Considering the issue from a global perspective rather than a regional one, it becomes more of a philosophical question. The Age of Exploration provided opportunities for societies and cultures to interact ; it brought all parts of the world into contact with each other, paving the way for the globalize economies we see today ; it enabled a cognition net to extend across the unharmed earth. In a sense, our modern world is built on the back of the changes introduced by the european Age of Exploration – so it becomes a question of judgment on the modern worldly concern .
Margaret Small is lecturer in early modern history at the University of Birmingham, with a focus on European exploration and colonisation in the 16th century

François Soyer: “The Portuguese took the decisive first steps in the creation of a lasting European stranglehold on world trade”
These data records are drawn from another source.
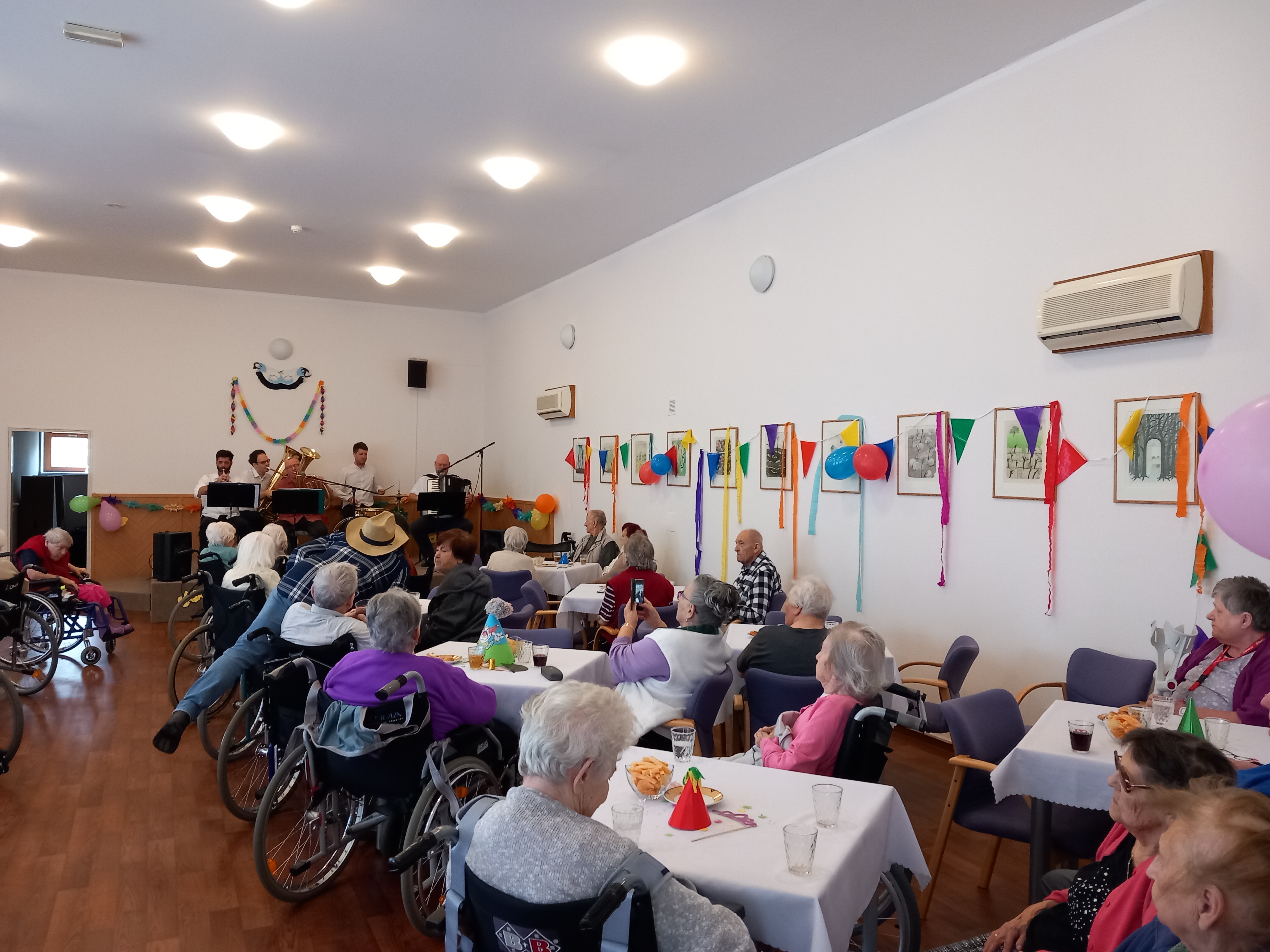 V sobotu 18.2.2023 se v našem domově seniorů, po třech letech, uskutečnila masopustní zábava. K tanci a poslechu nám hrála Dobříšská pětka pod vedením pana Růžičky. V zábavě nás přišly podpořit i krásné masky z města. Naši klienti si s maskami společně zazpívali, zatančili, pojedli a popili. Všichni byli rádi, že jsme opět mohli navázat na naší "Masopustní tradici", a to zejména ve spolupráci s TJ Sokolem Dobříš.
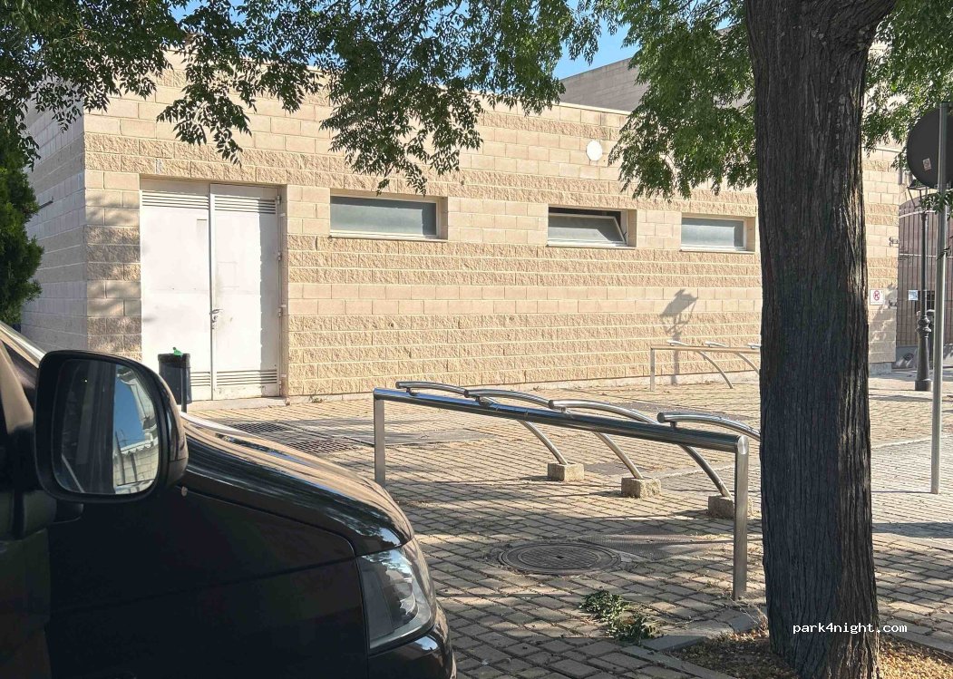 Parking sous les arbres. Situé à côté du centre sportif Jose Ramon de la Morena. Il a de l'ombre. Il a une source. Et c'est un quartier calme.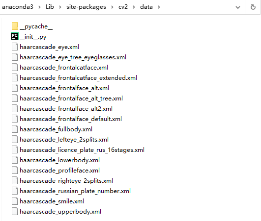 方法1:从 OpenCV4 源代码中找到 data/haarcascades 的子文件夹,子文件夹内包括以下文件: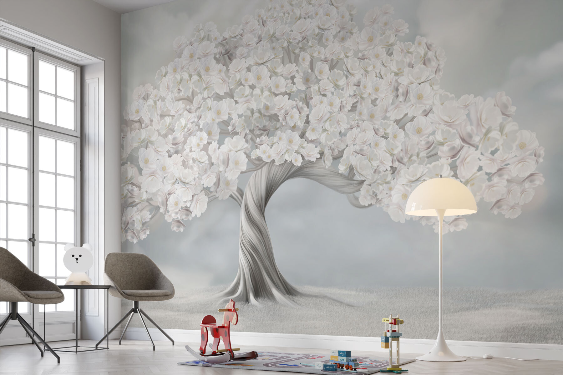 Premeňte akúkoľvek miestnosť pomocou tejto očarujúcej nástennej maľby stromu posiateho jemnými bielymi kvetmi. Evokuje pokojné prechádzky pokojnou japonskou záhradou, kde každý okvetný lístok šepká príbehy pokoja. Predstavte si, že sa prebúdzate s týmto nádherným výhľadom, ktorý je jemnou pripomienkou umenia prírody. Jemné farby vytvárajú upokojujúcu atmosféru; je to ako mať v sebe malý kúsok prírody, ideálny do útulných priestorov. Priatelia si to všimnú – možno sa opýtajú, či ste sa tajne nestali botanickým umelcom. Váš byt bude pôsobiť živo a sviežo, bude vyzývať k úsmevom a dotyku tepla.

As the inaugural monarchy to send explorers beyond the geographic limits of Europe, Portugal can claim the claim of instigator of the alleged Age of Exploration. From 1415, portuguese merchants and mariners explored the coasts of western Africa, reaching the cape of Good Hope in the 1480s. Seeking to establish direct deal links with Asia, in 1497 a evanesce under the command of Vasco da Gama sailed around the Cape to India, followed by annual expeditions. From 1497 to 1510, the Portuguese established domination in the indian Ocean, in the face of stiff opposition from Muslim and Hindu rivals. In 1500, the expedition of Pedro Álvares Cabral was blown off naturally on its way to India and reached the shores of Brazil .
The impact of the Portuguese Age of Discovery on modern world history can not be overstated. On an economic level, it initiated a revolution in populace trade. Spices and other asian goods that had previously transited to Europe via the Islamic global were now directly imported by Portuguese ( and former by Dutch and British ) ships. To this was late added the lucrative run of sugar and diamonds from Brazil. The portuguese frankincense took the critical first steps in the creation of a durable european stranglehold on global barter. In call on, this ensured european economic prosperity and global political hegemony until the twentieth hundred .
But the human toll was very intemperate. The portuguese placement in Asia was parlous and dependent upon the forecast practice of military force and ferocity against competitors – for exemplar, the butcher of the Muslim population of Goa. Most importantly, the Portuguese initiated the transatlantic slave craft. The Portuguese and other Europeans oversaw the forced removal of millions of west Africans, and their dispatch to the mines and fields of the Americas – men and women whose lineage, sweat and lives contributed to the enrichment of european empires. In the end, the answer to the question of whether the era brought more damage than adept depends on whether we approach it from the perspective of the self-proclaimed european explorers or the peoples ( asian, african and american ) with whom they came into contact .
François Soyer is senior lecturer in history at the University of New England at Armidale, New South Wales, Australia

Graciela Iglesias-Rogers: “Exploring entails entanglements of all sorts; some are desirable, others not”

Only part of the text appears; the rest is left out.